В двадцатых числах сентября он ещё лежал с радикулитом, переделывал и правил пьесу «Свеча на ветру», примеривался к новому рассказу; шёл уже новый учебный год, и новомирские события казались полусном. «Дела мои застыли на последней инстанции, ни “да”, ни “нет”», — сообщал он Зубовым, собираясь в Москву. На самом деле всё самое главное уже случилось. 16 сентября Твардовский зафиксировал победу: «Солженицын (“Один день”) одобрен Никитой Сергеевичем». Накануне, 15-го, ему звонил Лебедев, после звонка Твардовский кинулся к жене, расцеловал её и плакал от радости. И сказал в редакции М. Алигер, осторожно спросившей про «ту повесть»: если «Щ» не увидит света после всех усилий, то его, Твардовского, пребывание в «Новом мире» теряет смысл и становится убыточным для литературы. Лебедев просил не отлучаться из Москвы, быть на месте — со дня на день Хрущёв пригласит для беседы и сам всё расскажет. Твардовский смаковал текст телеграммы, которую пошлёт в Рязань: «Поздравляю победой тчк выезжайте Москву». И записал в дневнике: «Сам переживаю эти слова так, как будто они обращены ко мне самому. Счастье».

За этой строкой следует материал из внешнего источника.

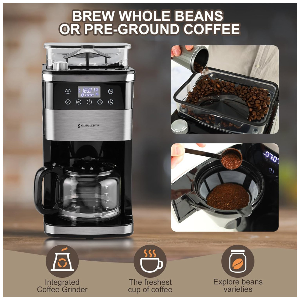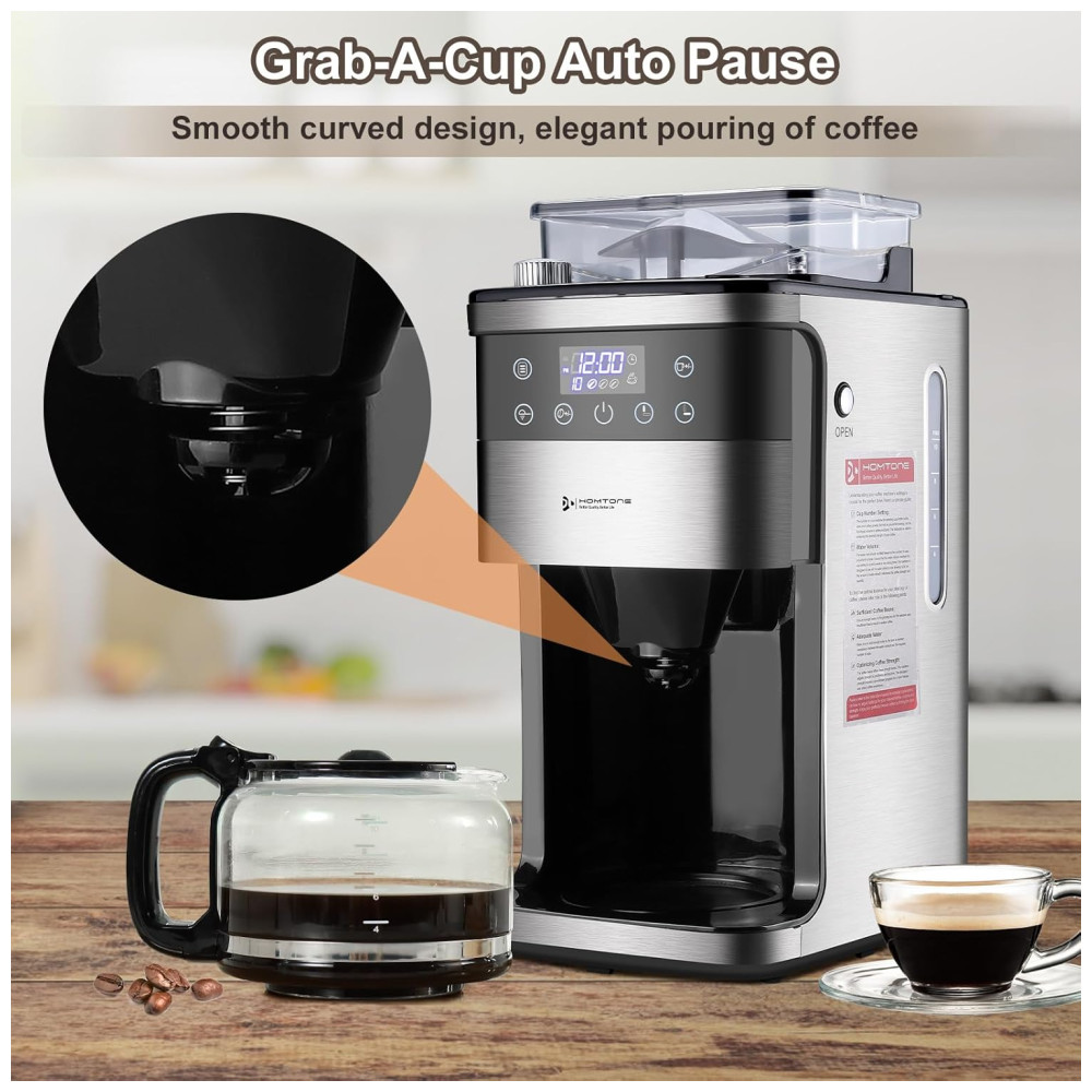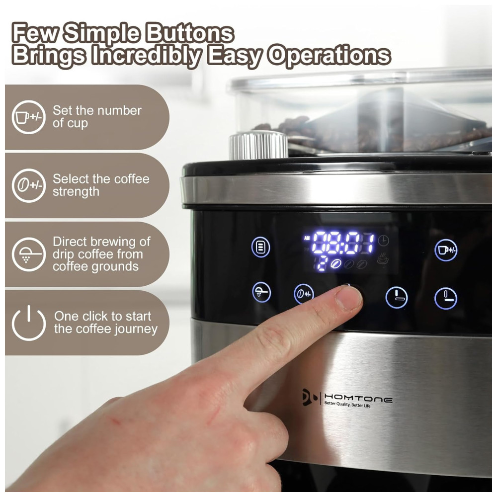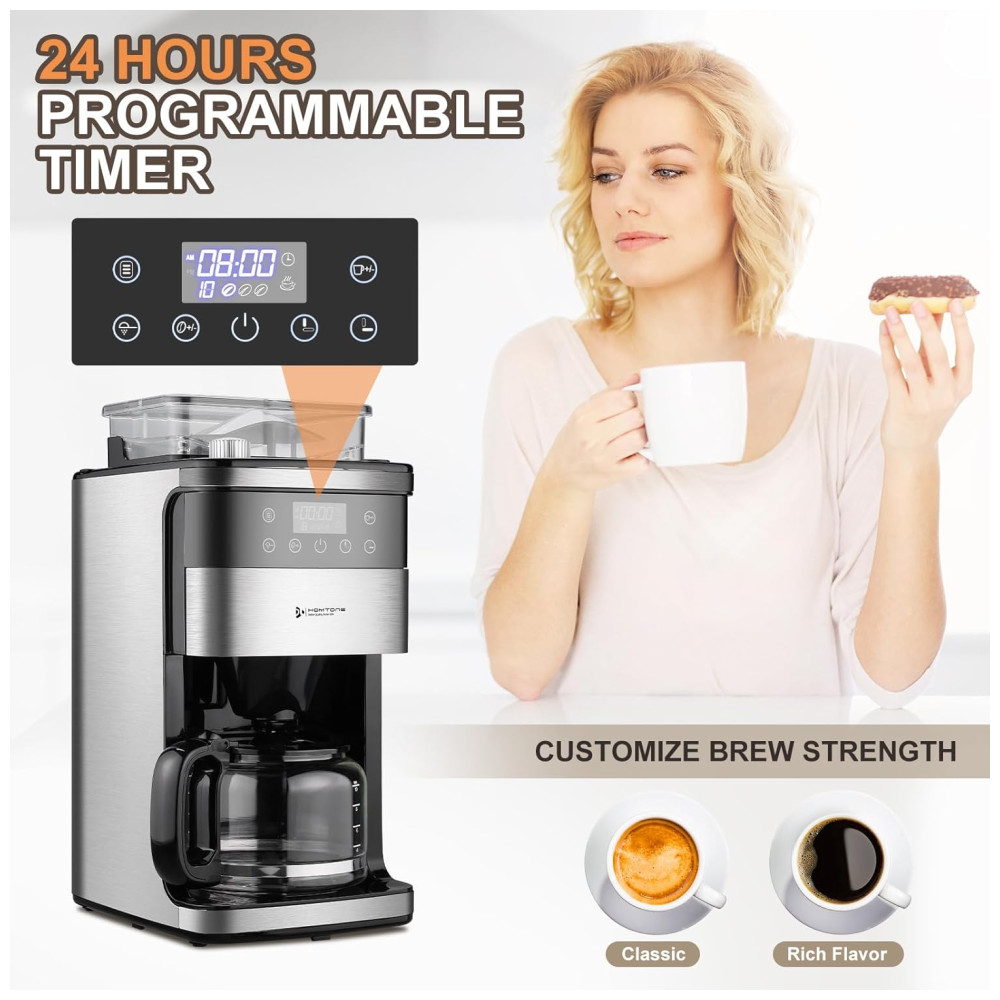 Cafeteira Programável 10 Xícaras com Moedor de Café Integrado 110V 950W Homtone Preta e Aço Inoxidável

Твардовский не надеялся, что Хрущёв сам прочтёт текст. Напротив, он рассчитывал, что Никита как раз таки не прочтёт текст, а, полагаясь на доклад помощника и письмо редактора, даст отмашку поступать «по своему усмотрению». Ан вышло, как радостно отметил Твардовский, «куда круче». Лебедев, выбрав удачное время, стал читать повесть вслух, и Хрущёв слушал. «Первую половину, — рассказывал Лебедев, — мы читали в часы отдыха, а потом он отодвинул с утра все бумаги: давай, читай до конца. Потом пригласил Микояна и Ворошилова, просил послушать отдельные места. Потом спросил: в чём, собственно, дело? о чём хлопочет Твардовский? Лебедев напомнил, что без его, Хрущёва, вмешательства, не увидели бы света «Дали» и что Никита Сергеевич звонил по этому случаю Суслову. И было у Хрущёва лишь одно сомнение — не хлынет ли вслед за «Одним днём» поток других дней других авторов? Лебедев ответил, как отчеканил, снабжённый неотразимым доводом Твардовского: уровень этой вещи как раз будет заслоном против наводнения печати подобного рода материалами — подобными, но не равноценными.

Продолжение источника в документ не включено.